= WHAT IS BEING ASKED =
Dropping every picture, set down exactly the lines in the entries below, starting with the line with "A B/W photograph" and going on through the line with "立ち襟にはフリル、ケミカルレース(オーガニックコットン)を".
*** RECORD SET ***
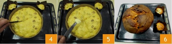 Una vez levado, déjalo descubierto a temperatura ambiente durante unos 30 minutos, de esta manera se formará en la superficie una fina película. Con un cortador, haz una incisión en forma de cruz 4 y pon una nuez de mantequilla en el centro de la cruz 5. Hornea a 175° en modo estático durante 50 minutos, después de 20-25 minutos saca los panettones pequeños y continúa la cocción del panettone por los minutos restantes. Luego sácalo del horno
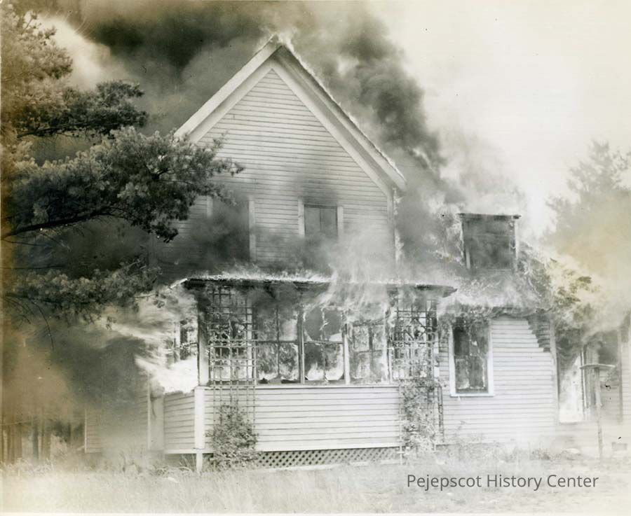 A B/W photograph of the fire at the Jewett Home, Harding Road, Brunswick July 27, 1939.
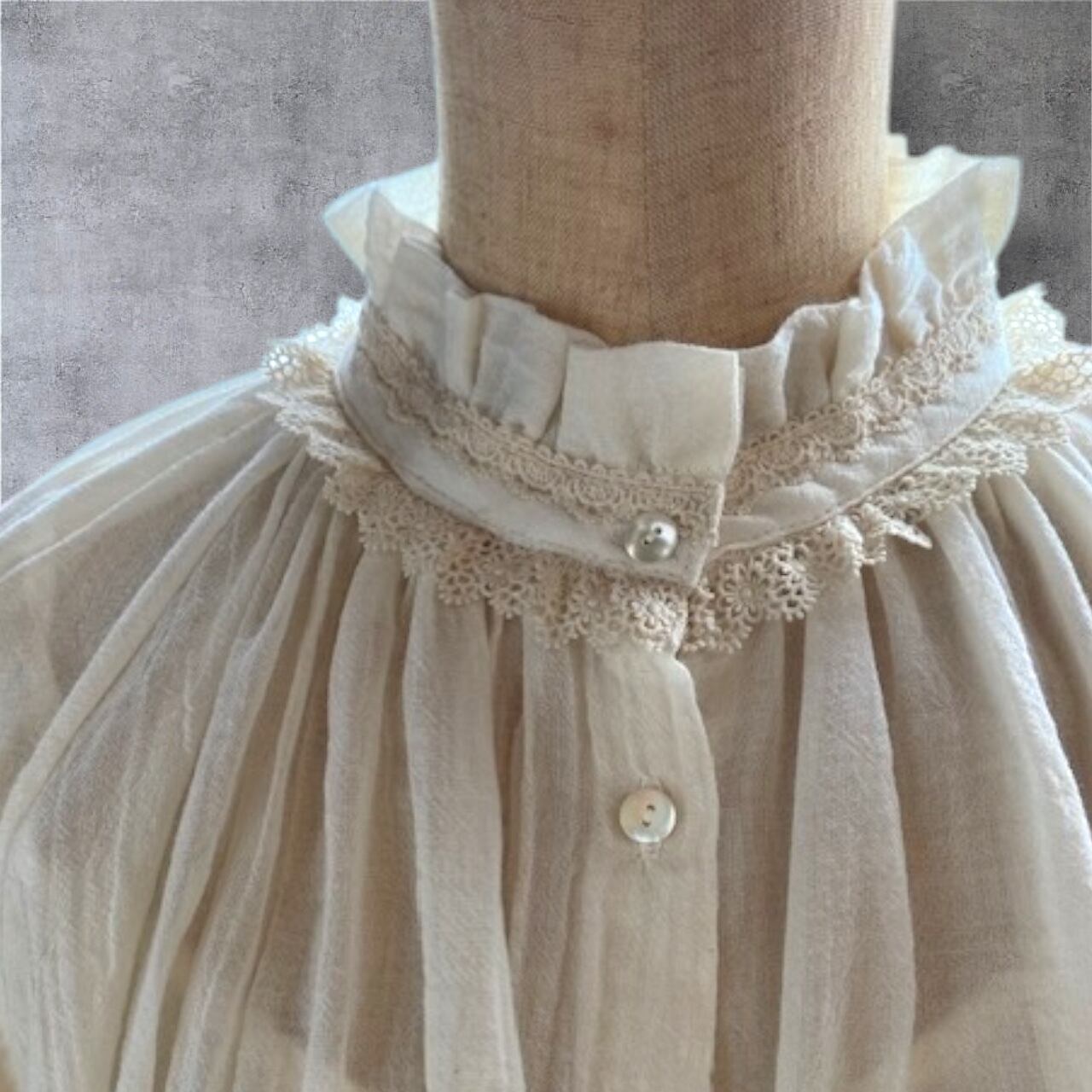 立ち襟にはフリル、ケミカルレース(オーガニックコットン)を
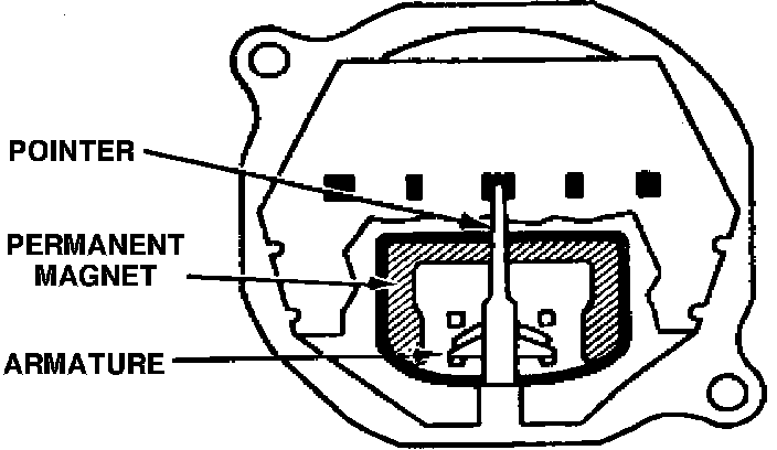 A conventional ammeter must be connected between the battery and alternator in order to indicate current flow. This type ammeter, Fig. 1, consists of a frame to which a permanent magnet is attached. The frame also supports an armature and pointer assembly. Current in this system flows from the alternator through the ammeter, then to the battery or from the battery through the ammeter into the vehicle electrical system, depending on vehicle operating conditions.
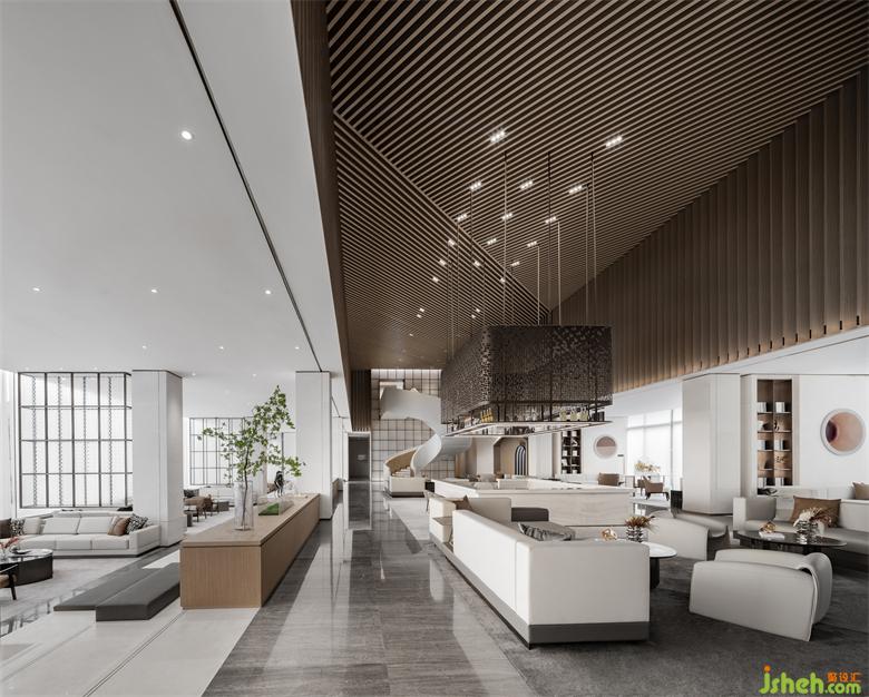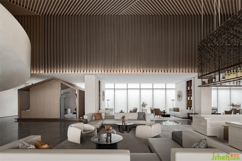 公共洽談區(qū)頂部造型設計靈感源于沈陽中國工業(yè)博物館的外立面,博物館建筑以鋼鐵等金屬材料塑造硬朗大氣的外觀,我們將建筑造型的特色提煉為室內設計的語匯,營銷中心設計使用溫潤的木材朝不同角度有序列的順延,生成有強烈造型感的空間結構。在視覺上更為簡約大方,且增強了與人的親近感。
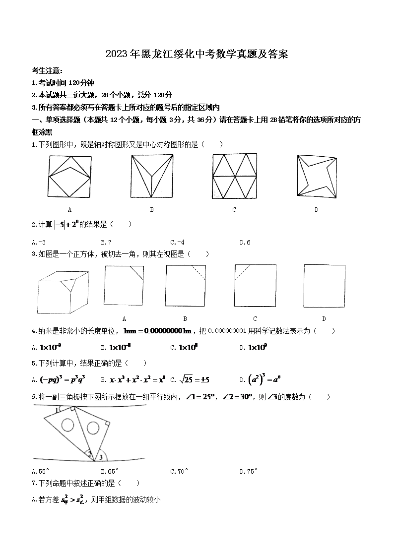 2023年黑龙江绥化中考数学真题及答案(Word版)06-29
*** End of RECORD SET ***
*** RECORD SET ***
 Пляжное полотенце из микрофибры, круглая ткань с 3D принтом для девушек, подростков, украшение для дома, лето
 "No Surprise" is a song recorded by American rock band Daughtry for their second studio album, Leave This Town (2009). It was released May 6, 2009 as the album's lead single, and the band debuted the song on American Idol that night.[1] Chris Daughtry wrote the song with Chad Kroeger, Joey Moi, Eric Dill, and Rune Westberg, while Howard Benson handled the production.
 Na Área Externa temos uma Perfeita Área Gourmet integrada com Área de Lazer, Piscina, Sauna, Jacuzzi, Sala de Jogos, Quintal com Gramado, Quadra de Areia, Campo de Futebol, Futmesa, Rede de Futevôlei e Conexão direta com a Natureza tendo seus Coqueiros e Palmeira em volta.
*** End of RECORD SET ***
*** RECORD SET ***
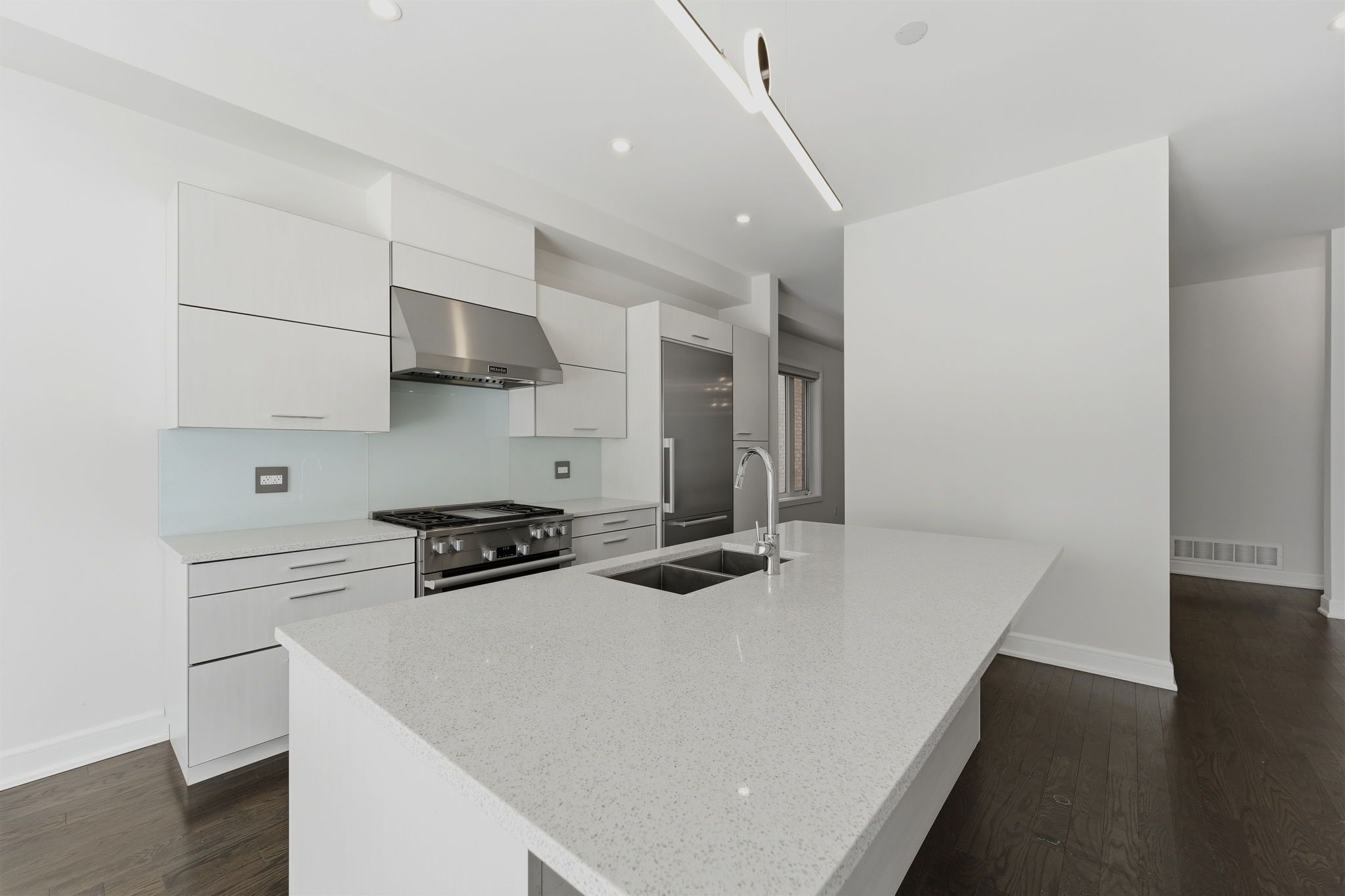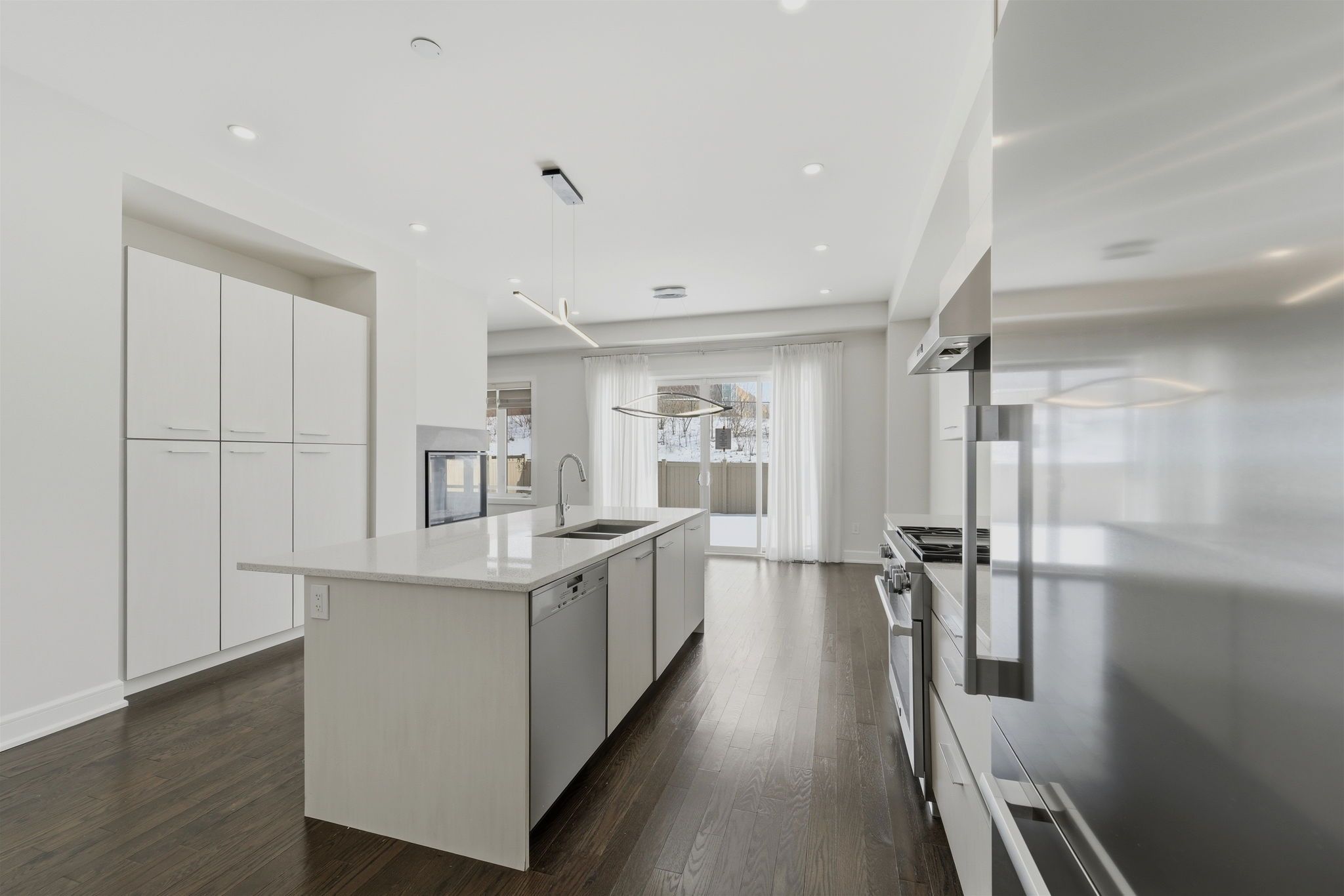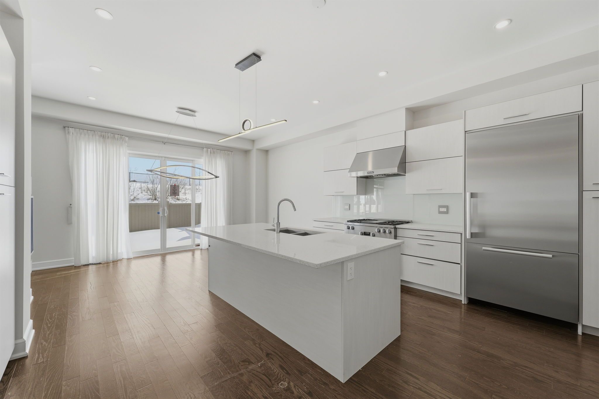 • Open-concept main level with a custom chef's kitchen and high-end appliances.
*** End of RECORD SET ***
= TASK RESPONSE =
 A B/W photograph of the fire at the Jewett Home, Harding Road, Brunswick July 27, 1939.
 立ち襟にはフリル、ケミカルレース(オーガニックコットン)を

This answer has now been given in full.